Start of Dataset section

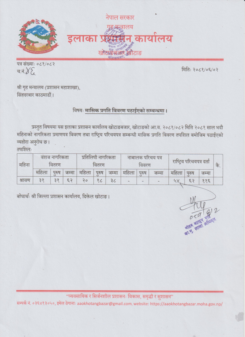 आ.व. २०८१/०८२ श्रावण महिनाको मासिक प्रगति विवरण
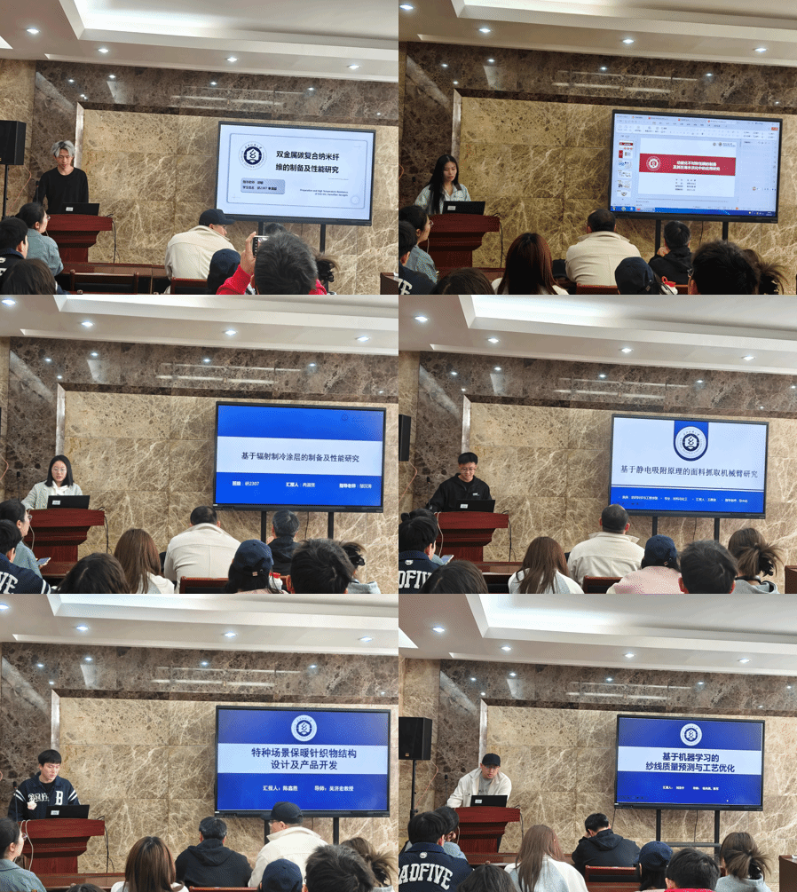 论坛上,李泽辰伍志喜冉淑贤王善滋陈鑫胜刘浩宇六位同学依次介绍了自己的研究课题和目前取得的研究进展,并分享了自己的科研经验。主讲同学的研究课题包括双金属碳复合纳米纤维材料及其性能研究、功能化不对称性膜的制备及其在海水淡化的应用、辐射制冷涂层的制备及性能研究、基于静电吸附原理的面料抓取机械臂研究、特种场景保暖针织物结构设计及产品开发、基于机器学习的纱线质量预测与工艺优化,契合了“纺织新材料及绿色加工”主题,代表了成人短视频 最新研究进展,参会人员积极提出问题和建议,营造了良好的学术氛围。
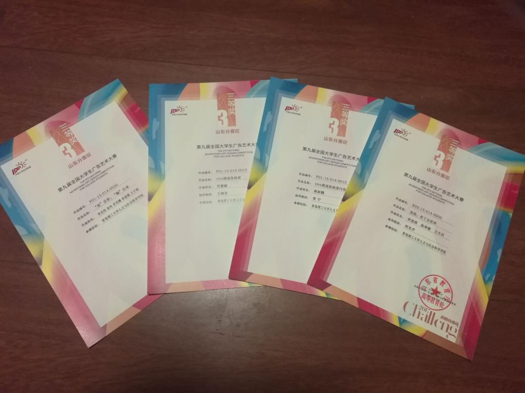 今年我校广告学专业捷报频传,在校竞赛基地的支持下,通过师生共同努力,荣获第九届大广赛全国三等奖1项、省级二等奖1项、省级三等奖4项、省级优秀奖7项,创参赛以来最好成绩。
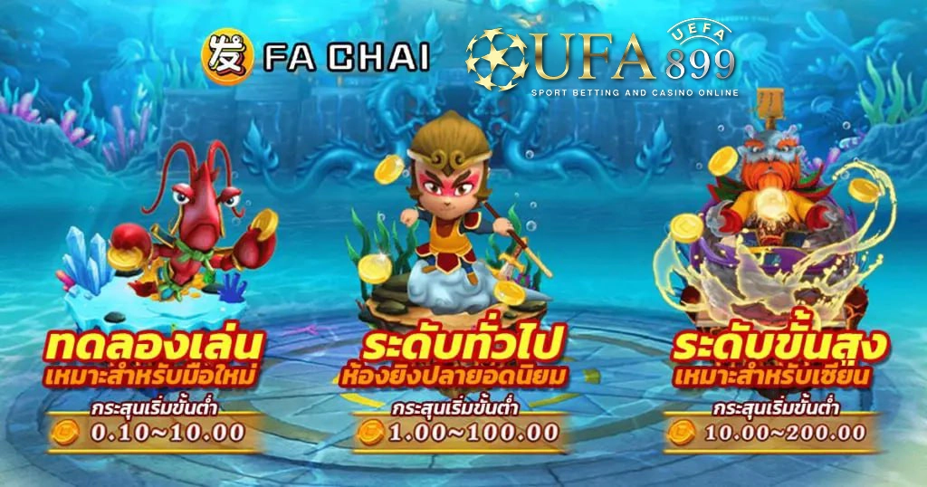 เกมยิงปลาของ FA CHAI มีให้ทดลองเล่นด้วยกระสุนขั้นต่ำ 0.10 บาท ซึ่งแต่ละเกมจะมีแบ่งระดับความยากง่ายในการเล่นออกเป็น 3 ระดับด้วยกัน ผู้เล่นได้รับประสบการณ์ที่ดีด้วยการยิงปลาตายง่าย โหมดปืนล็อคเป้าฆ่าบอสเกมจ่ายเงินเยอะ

End of Dataset section

Task details >> Every line from the top of the material above through the line with "今年我校广告学专业捷报频传,在校竞赛基地" should be duplicated exactly, please; leave out the pictures.

Task answer >>
 आ.व. २०८१/०८२ श्रावण महिनाको मासिक प्रगति विवरण
 论坛上,李泽辰伍志喜冉淑贤王善滋陈鑫胜刘浩宇六位同学依次介绍了自己的研究课题和目前取得的研究进展,并分享了自己的科研经验。主讲同学的研究课题包括双金属碳复合纳米纤维材料及其性能研究、功能化不对称性膜的制备及其在海水淡化的应用、辐射制冷涂层的制备及性能研究、基于静电吸附原理的面料抓取机械臂研究、特种场景保暖针织物结构设计及产品开发、基于机器学习的纱线质量预测与工艺优化,契合了“纺织新材料及绿色加工”主题,代表了成人短视频 最新研究进展,参会人员积极提出问题和建议,营造了良好的学术氛围。
 今年我校广告学专业捷报频传,在校竞赛基地的支持下,通过师生共同努力,荣获第九届大广赛全国三等奖1项、省级二等奖1项、省级三等奖4项、省级优秀奖7项,创参赛以来最好成绩。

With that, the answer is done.